National | ELECTION 2012

Poll platform revised to pursue new Constitution

Nippon Ishin qualifies nuclear phaseout goal

by Natsuko Fukue

Staff Writer

Nippon Ishin no Kai (Japan Restoration Party), the “third force” emerging as a serious challenger to the political status quo, unveiled a watered-down version of its election platform Thursday devoid of a definitive road map for phasing out nuclear power.

Instead, the party merely stated in a separate document that nuclear power plants are to “fade out by the 2030s” — the same goal that Prime Minister Noda’s Democratic Party of Japan has included on its platform.

When Nippon Ishin founder and Osaka Mayor Toru Hashimoto agreed to merge parties with pronuclear former Tokyo Gov. Shintaro Ishihara’s short-lived party in late November, Nippon Ishin’s nuclear phaseout clause disappeared, prompting speculation the omission would become permanent.

The platform released Thursday also contains a provision for drafting a new Constitution — apparently a concession from Hashimoto, now the party’s deputy leader, to the more experienced Ishihara, the unabashed nationalist responsible for escalating the Senkaku dispute with China and Taiwan.

When asked why his party won’t present a clear-cut time frame for eliminating nuclear power, Hashimoto said it would take several years to come up with a detailed road map.

“The bureaucrats are the ones who would map out a road map,” Hashimoto told a news conference. “Politicians are the ones who show” which direction policies should take, he said, implying that setting a time frame wasn’t his party’s responsibility.

Ishihara has said the amount of energy the economy actually needs must be calculated before making such a decision. Hashimoto expounded on that.

“Ever since the accident (at the Fukushima No. 1 plant) happened, we have had to re-examine” our energy policy, but “what matters most is whether we can actually realize (a nuclear phaseout),” he said.

The move came a day after Shiga Gov. Yukiko Kada officially formed Nippon Mirai no To (Japan Future Party) and said its primary aim will be to phase out nuclear power by 2022.

Nippon Ishin’s diluted platform states it will aim to create a nation not reliant on nuclear power, set stricter safety standards and promote the liberalization of the electricity market.

It also says it will promote participation in the Trans-Pacific Partnership free-trade talks but oppose them “if it would be against the national interest.”

TPP entry is also a DPJ goal.

Nippon Ishin also pledged to draft a new Constitution and ease restrictions on arms use by Self-Defense Forces personnel during peacekeeping missions.

SDF personnel are allowed under the Peacekeeping Operation Law to use weapons only in legitimate self-defense situations. They are forbidden from using arms, for instance, to rescue fellow citizens or counter attacks on other countries’ troops.

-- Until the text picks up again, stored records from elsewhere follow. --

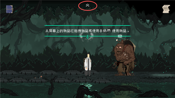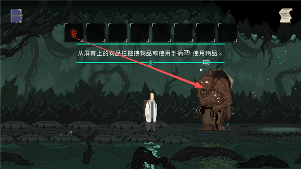 7、后续会遇见一个需要彼岸花的怪物,玩家可以将其给他,点击屏幕上方的箭头。
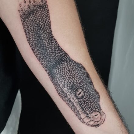 Tetování lebka s hadem na předloktí
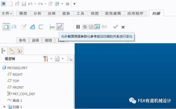 5.然后点击扫描命令,创建扫描特征,并勾选允许界面根据参数化参考或沿扫描关系进行变化
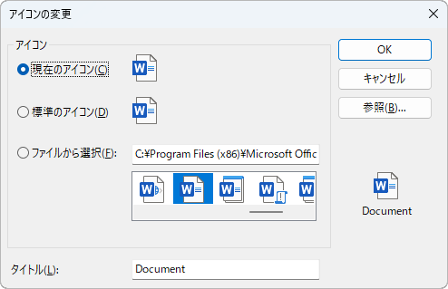 ファイルからアイコンを指定します(有効な種類は、EXE、DLL、ICO です)。
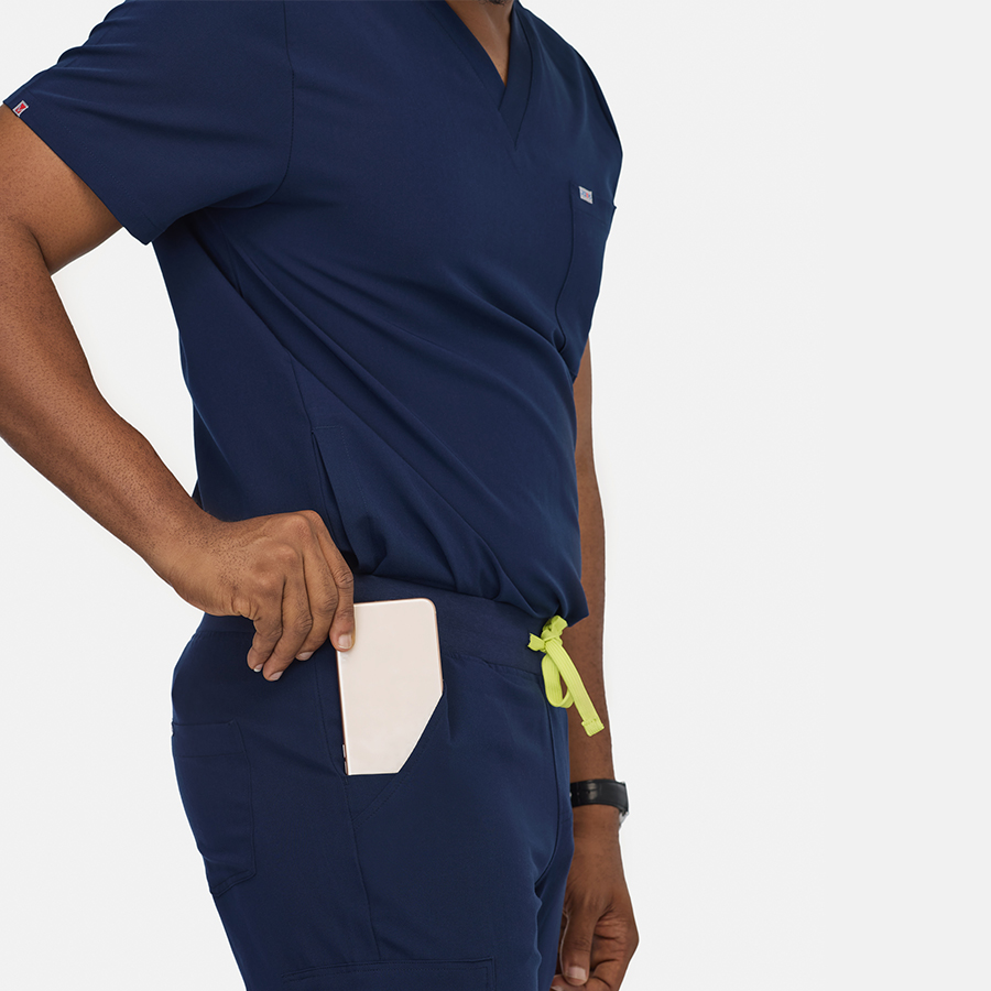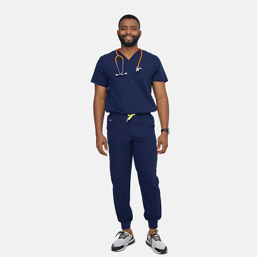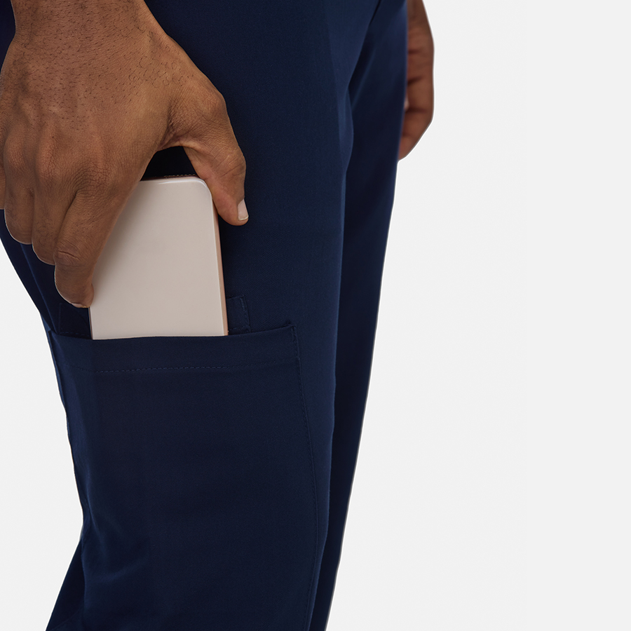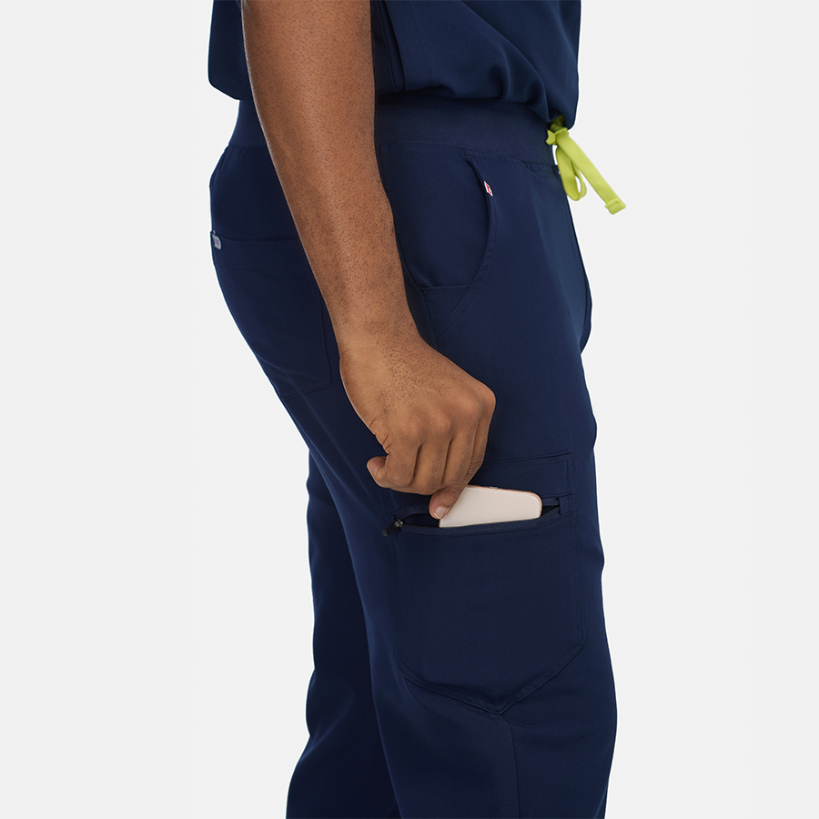 Jogger-style scrub pant with breathable fabric, five pockets, and ankle cuffs for a comfortable and secure fit.

Before merging with Ishihara’s party, Nippon Ishin advocated halving the size of the Lower House to 480 members and limiting their responsibilities to such fields as diplomacy, but Thursday’s platform softened that goal to a reduction of 30 to 50 percent.

It also proposed a rule change for the Upper House that would lift the ban on councilors concurrently holding Diet and local government posts — a change that would allow Hashimoto, for instance, to run in the Upper House election next summer while still being Osaka’s mayor.

Highlights of the party’s platform

Nippon Ishin no Kai (Japan Restoration Party) will:

Create a Japan-initiated Constitution, as the current one was imposed by the United States after World War II.

Raise the consumption tax to 11 percent and make it a local tax.

Participate in negotiations for the Trans-Pacific Partnership but leave open the possibility of withdrawing if the free-trade pact goes against Japan’s interests.

Set a monetary policy agreement between the government and the Bank of Japan as part of price-stabilizing measures.

Scrap the rule that bans governors and mayors from doubling as Upper House lawmakers.

Ban politicians from accepting corporate donations while promoting a system to encourage individuals to contribute.